== Source information ==
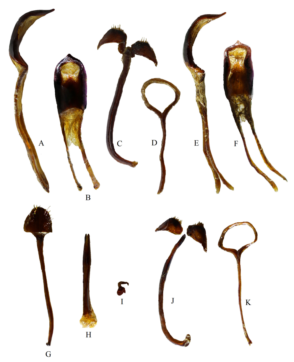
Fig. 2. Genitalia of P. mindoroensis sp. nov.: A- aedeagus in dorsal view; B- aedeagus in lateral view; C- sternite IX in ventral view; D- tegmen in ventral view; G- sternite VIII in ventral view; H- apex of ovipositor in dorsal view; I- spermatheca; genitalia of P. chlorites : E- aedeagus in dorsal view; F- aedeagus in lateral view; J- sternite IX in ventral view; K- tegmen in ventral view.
...
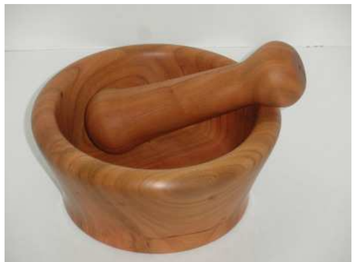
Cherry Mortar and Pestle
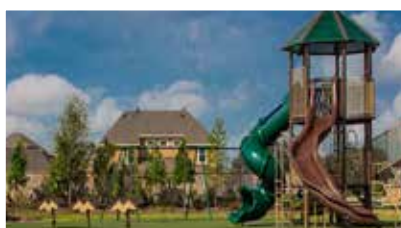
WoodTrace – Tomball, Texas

== Task brief ==
An exact copy is needed. It runs from the line above containing "Cherry Mortar and Pestle" down to the line containing "WoodTrace – Tomball, Texas", both included, with no pictures.

== Finished exercise ==
Cherry Mortar and Pestle
WoodTrace – Tomball, Texas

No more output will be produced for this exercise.